About this exercise —
Pictures must not appear in the copy. Restate exactly the lines below from the one with "如上图所示,完成边边对应的挑" through the one with "公園に着くと、大きな風車が子どもたちをお出迎え。", inclusive.
....
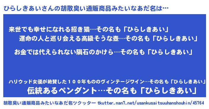| ヘコむあだ名 | 『ひらしきあい(遠い目)』『ひらを』 |
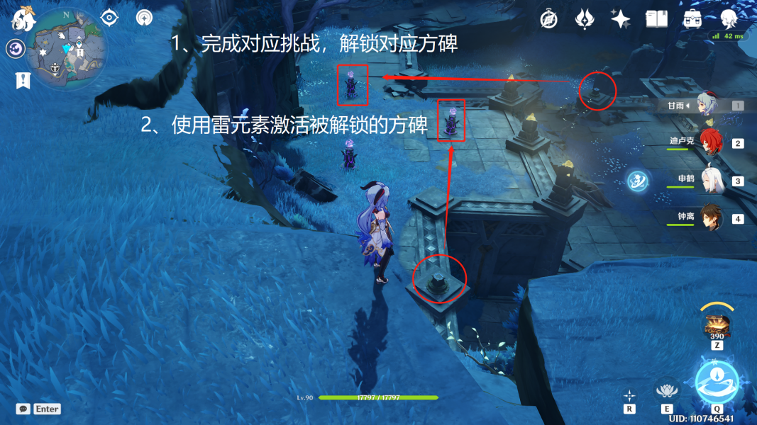 如上图所示,完成边边对应的挑战,即可解锁雷元素方碑上的封印,再使用雷元素激活,即可打开图书馆的大门,并且获得一个精致的宝箱。(因为前三块石板视频录制时,发生了故障,所以天舞只能给大家展示事后的图片,不过问题影响不大,小伙伴们就将就一下吧!谢谢!)
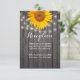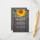 Tarjetas de recepción de madera de granero con girasoles y luces de cadena.
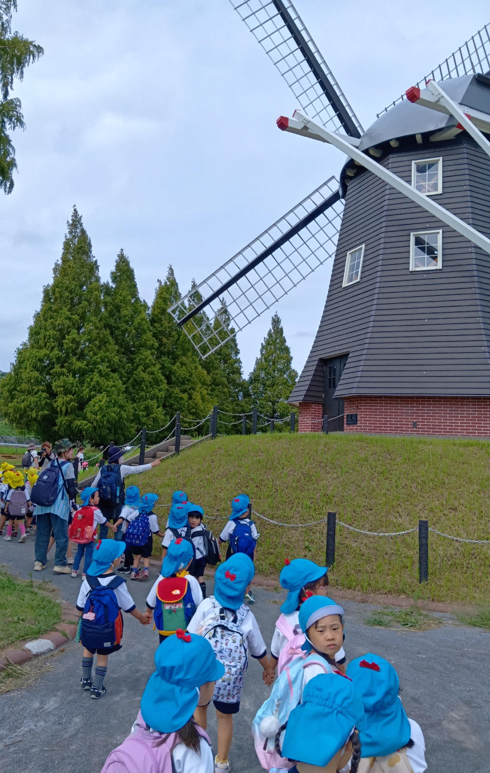 公園に着くと、大きな風車が子どもたちをお出迎え。
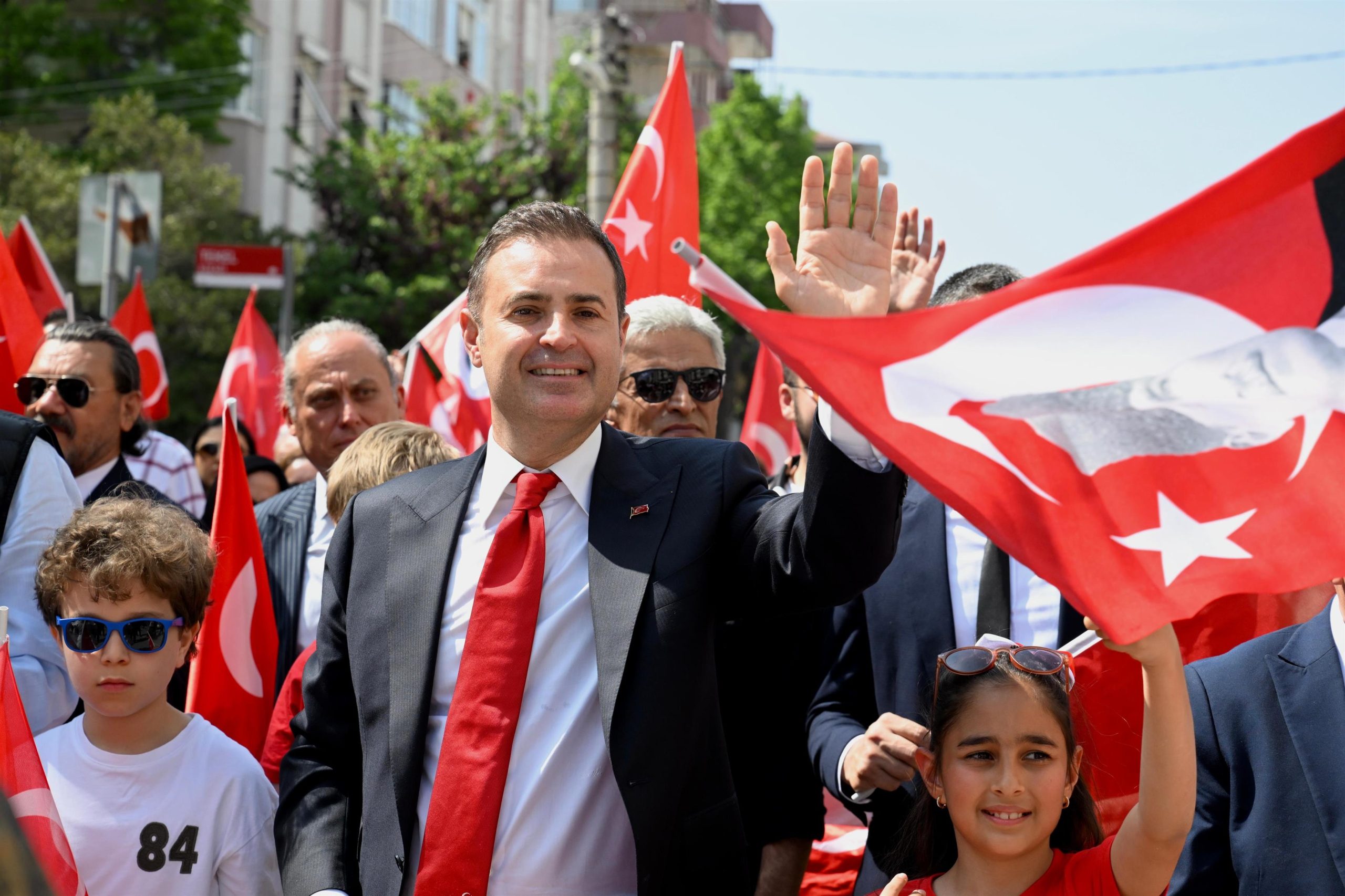 Akın, Karesi Belediyesinin Atatürk İlkokulu’nda düzenlediği kutlama programında çocukların coşkusuna eşlik ederken programa katılan miniklerin bayramını kutladı. Çocukların neşesini birlikte yaşayan Akın, Altıeylül Belediyesi tarafından organize edilen kortej yürüyüşüne katıldı. Renkli ve duygu dolu anların yaşandığı yürüyüşte Akın ve Altıeylül Belediye Başkanı Hakan Şehirli, kortej boyunca elinde Türk bayrağıyla sokakları dolduran çocukların bayramını kutladı. Kuvayımilliye Meydanından başlayan yürüyüş Asuva Parkı’ta sona erdi. Başkan Akın, kortej boyunca çocuklarla el ele yürüdü. Balıkesirli vatandaşlar, balkonlarından ıslık ve alkışlarla yürüyüşe destek verirken ön sıralarda yer alan çizgi film karakterlerinin maskotları korteje renk kattı. 7’den 70’e herkesin katıldığı yürüyüşte vatandaşlar, ellerinde Türk Bayraklarıyla marşlar söyledi.
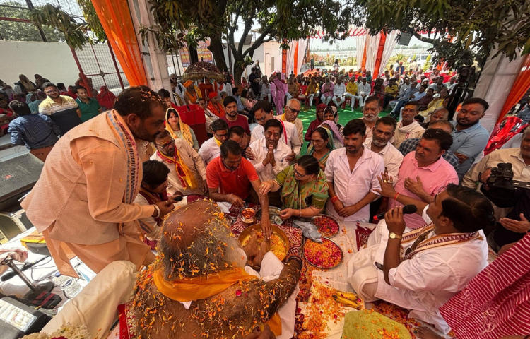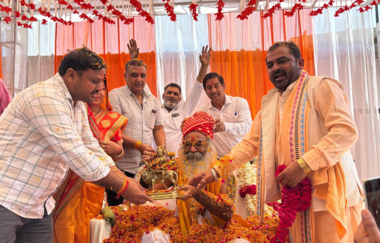 नौ दिवसीय मौन साधना पूर्ण होने के उपरांत श्री कल्कि पीठाधीश्वर आचार्य प्रमोद कृष्णम जी महाराज की चरण पूजा, पुष्प वर्षा कर पूजा- अर्चन करते हुए श्री कल्कि भक्त।
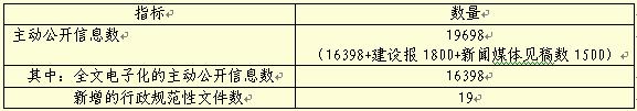 广州市城乡建设委员会2010年主动公开政府信息19698条。在主动公开的信息中,政策法规类的信息55条,主要内容为建设法律法规、规章和本委发布的规范性文件,其中法律法规2条,占总体的比例为3.6%;政府规章4条,占总体的比例为7.3%,规范性文件49条,占总体的比例为89%;规划计划类的信息12条,主要是介绍广州市城乡建设委员会各月份工作安排及工作进展情况;机构职能类信息45条,主要内容为本单位职责、组织架构、领导分工、联系方式及人事任免等信息;办事指南和资料下载信息111条,奖惩公示信息286条。行政许可和行政管理类案件总计6094条,其中建筑企业资质核准377条,施工许可信息103条,夜间施工83条,房地产企业年检521条,项目手册年检519条,初步设计审查123条,工程竣工验收备案信息102条,施工图审查备案175条。
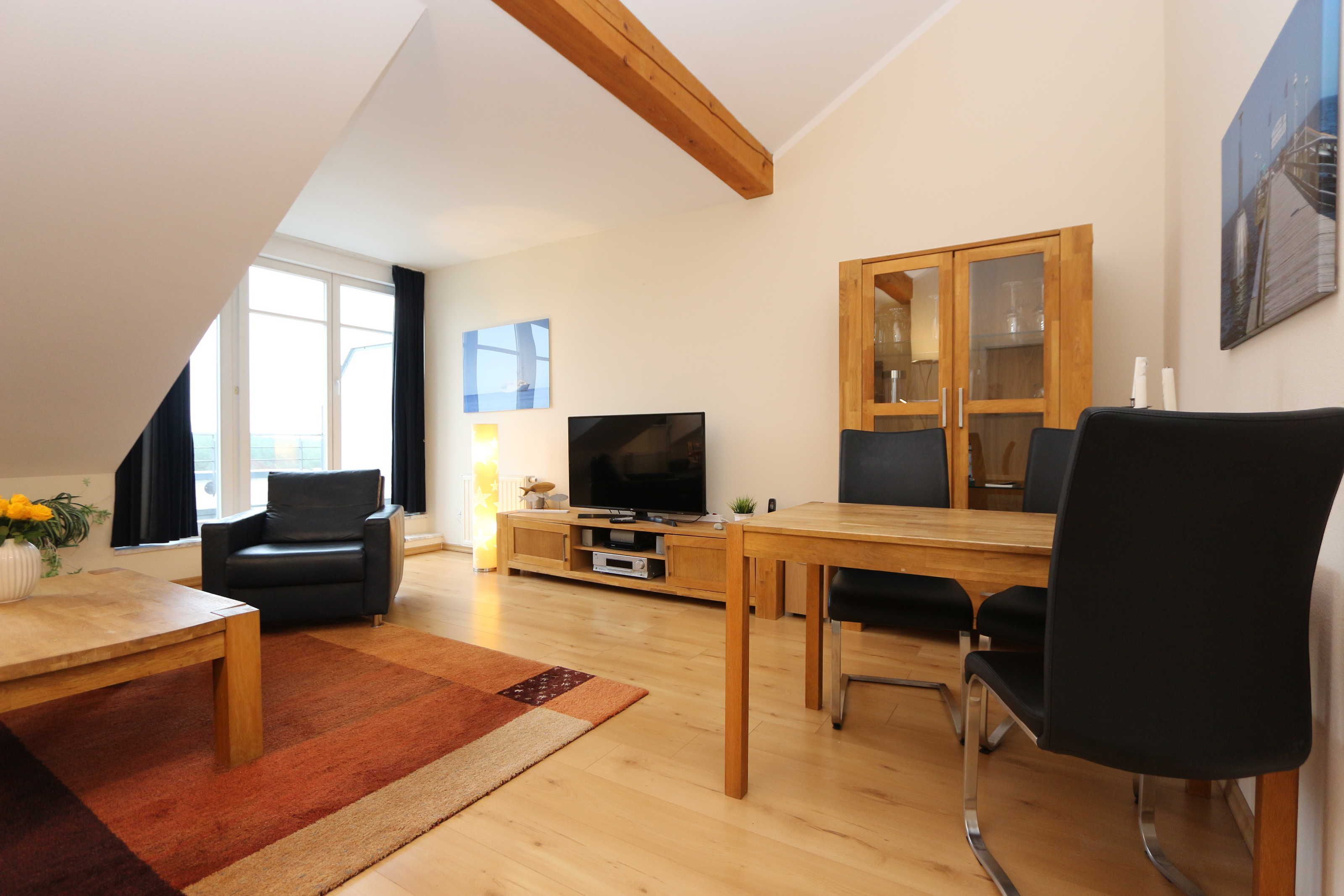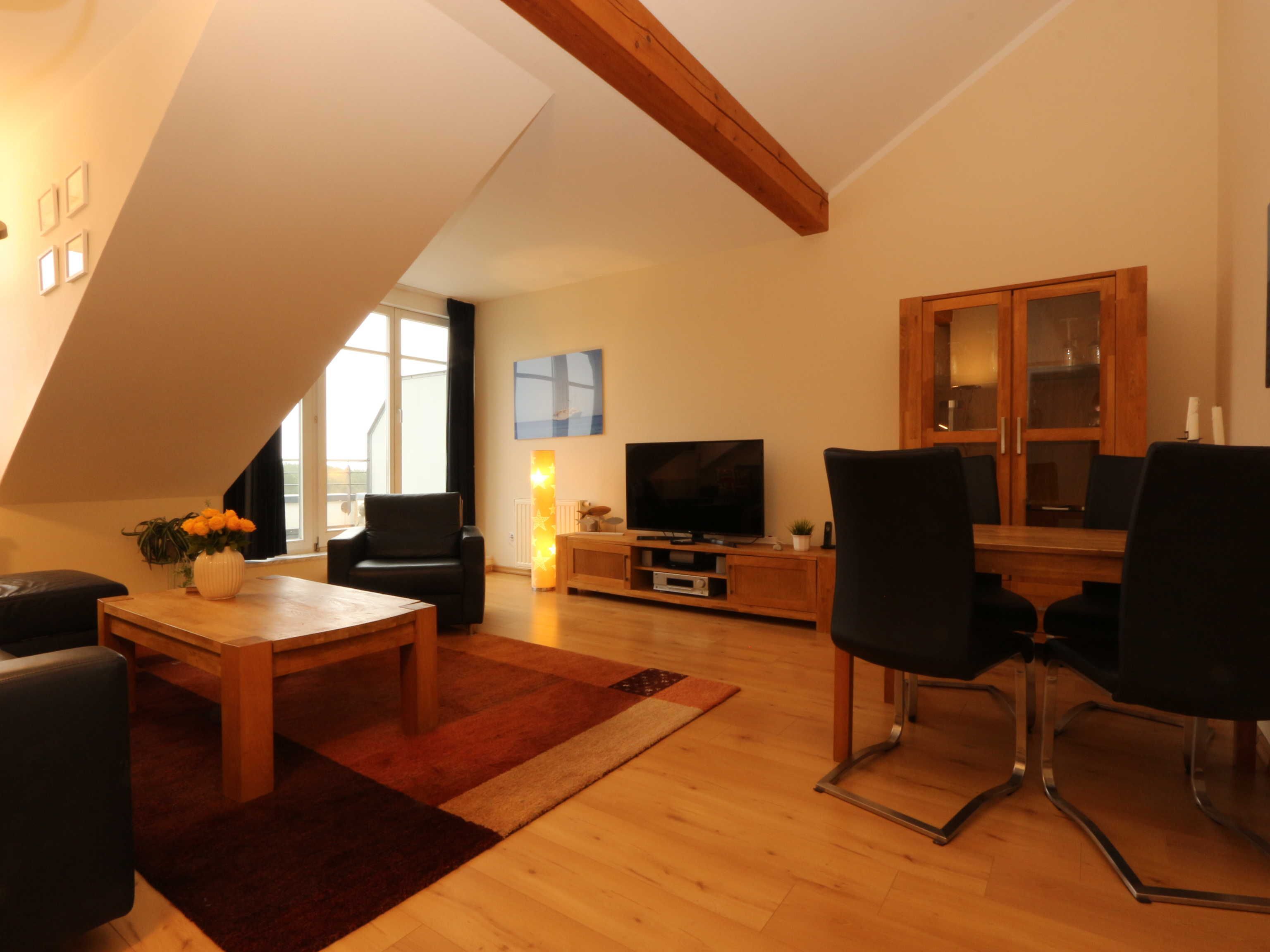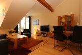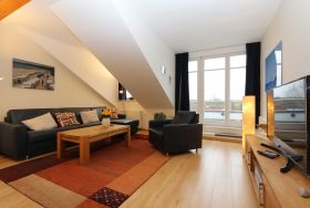Penthousewohnung im Dachgeschoss für 2 Personen (kann bis zu 4 Personen belegt werden) mit teilweise hohen bis in die Dachspitze offenen Räumen:
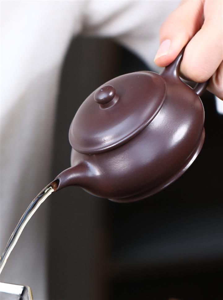 【泥料特點】砂土氣重,似淳實農民,日久使用,漸露鋒芒,養成變化,溫潤莊重。紫砂是壹種雙重氣孔結構的多孔性材質,氣孔微細,密度高。用紫砂壺沏茶,不失原味,且香不渙散,得茶之真香真味。紫砂使用越久,壺身色澤越發光亮照人,氣韻溫雅。紫砂壺長久使用器身會因撫摸擦拭,變得越發溫潤光澤。
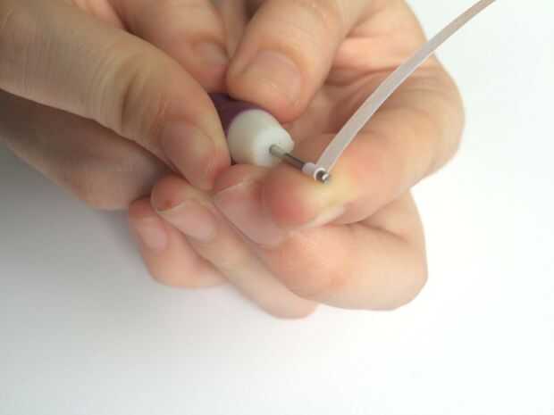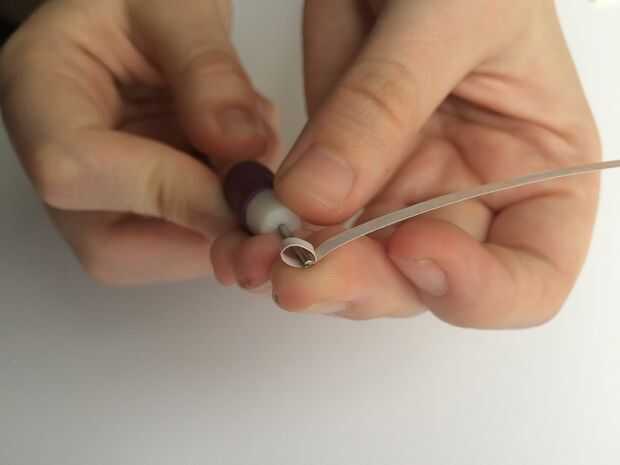 · No hacer una bobina, arrastre la herramienta de ranura unos centímetros abajo de la tira de papel para crear un óvalo pequeño, asegure con pegamento
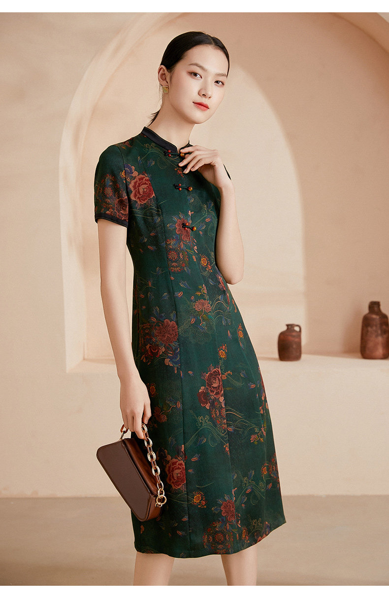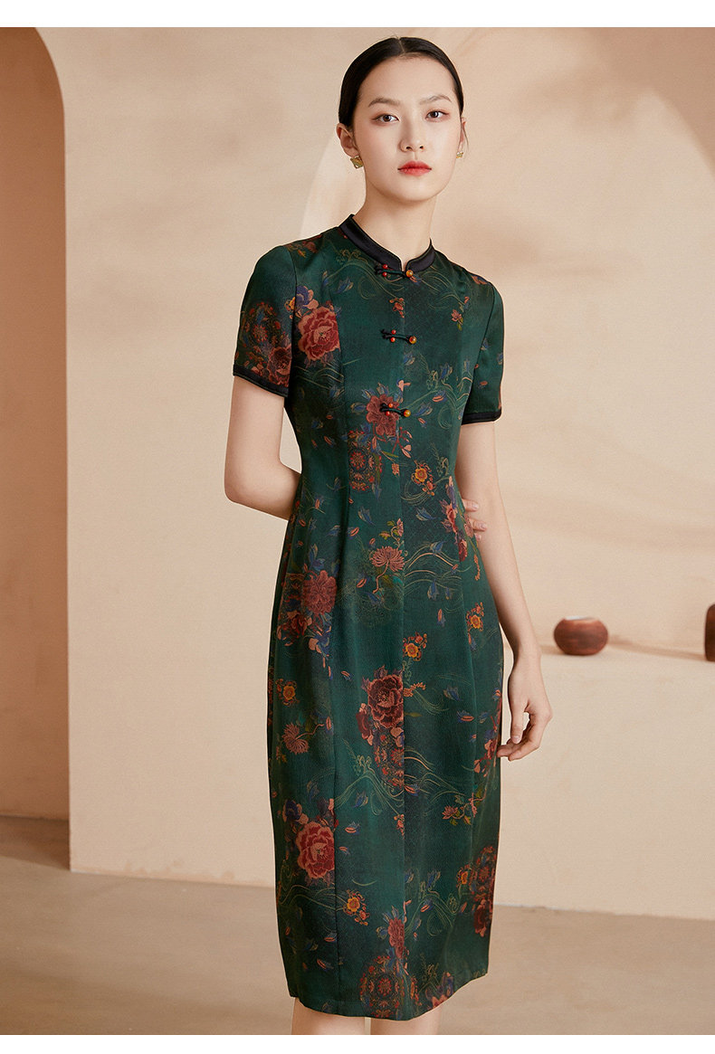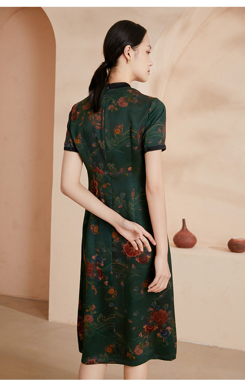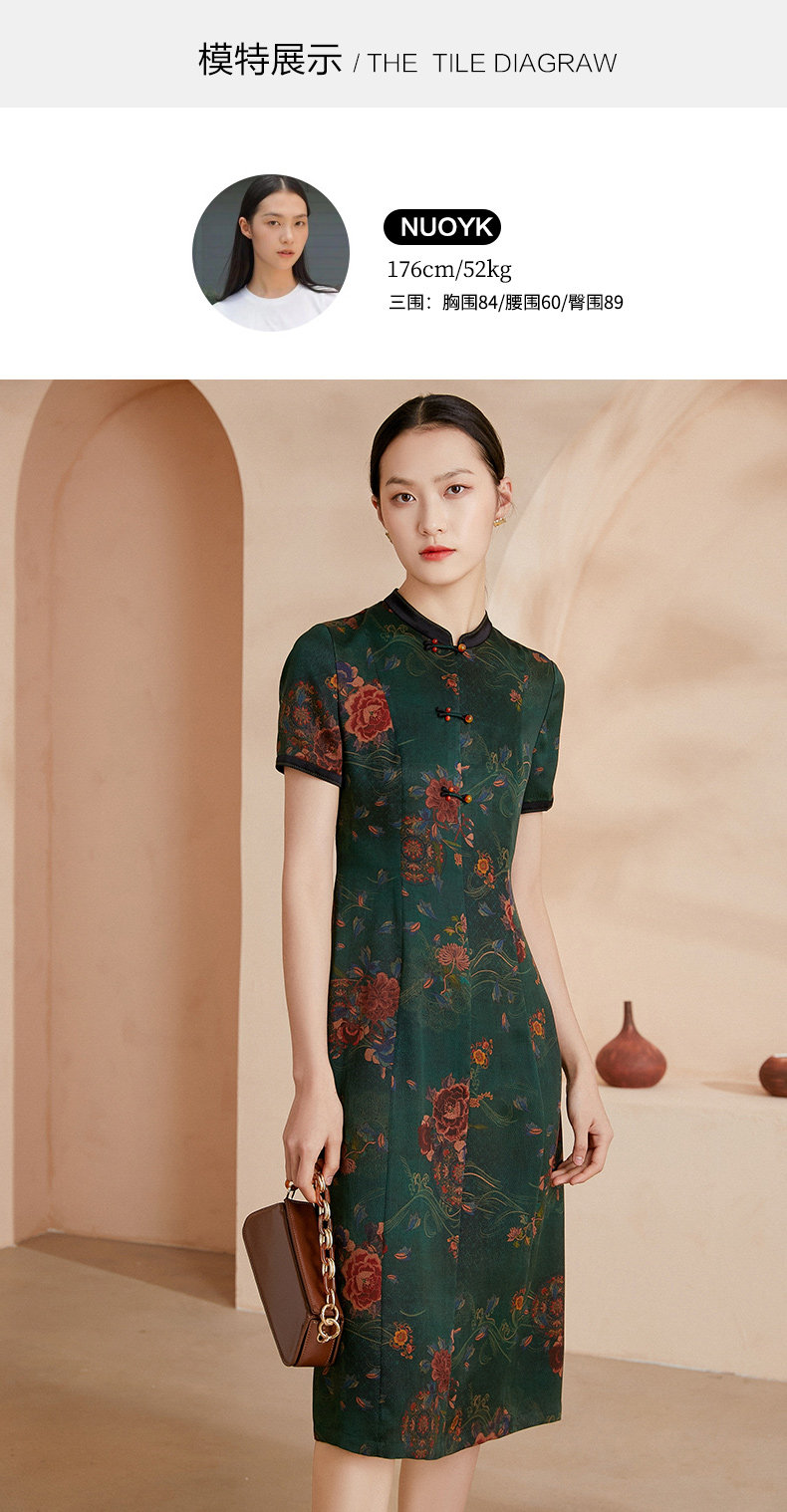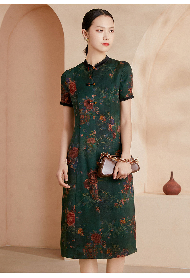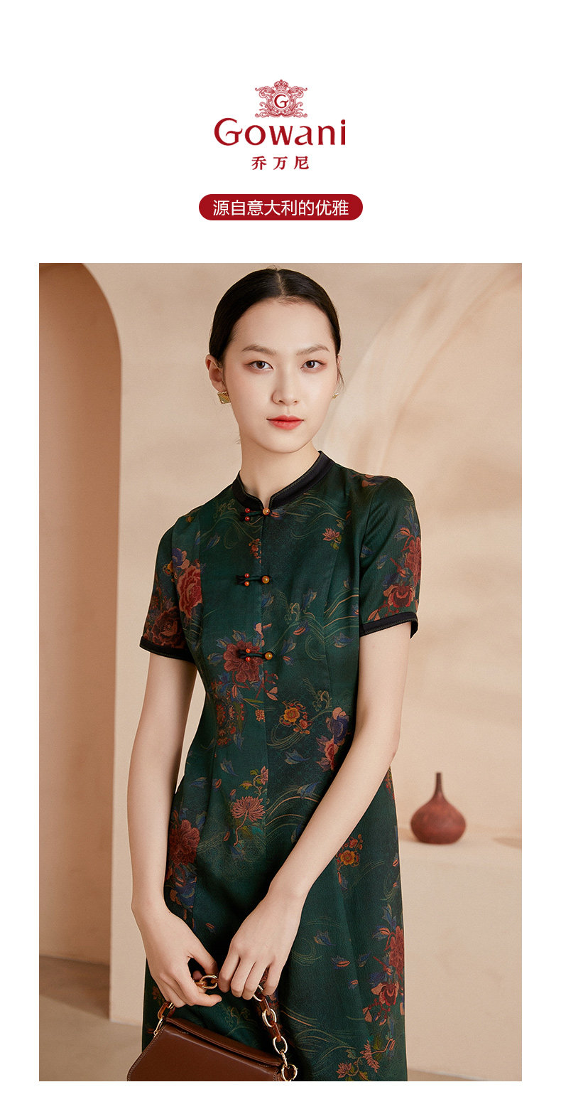 【暗夜花香】【香云纱】乔万尼真丝连衣裙夏季桑蚕丝复古盘扣新款EI2E715
....
Result —
 如上图所示,完成边边对应的挑战,即可解锁雷元素方碑上的封印,再使用雷元素激活,即可打开图书馆的大门,并且获得一个精致的宝箱。(因为前三块石板视频录制时,发生了故障,所以天舞只能给大家展示事后的图片,不过问题影响不大,小伙伴们就将就一下吧!谢谢!)
 Tarjetas de recepción de madera de granero con girasoles y luces de cadena.
 公園に着くと、大きな風車が子どもたちをお出迎え。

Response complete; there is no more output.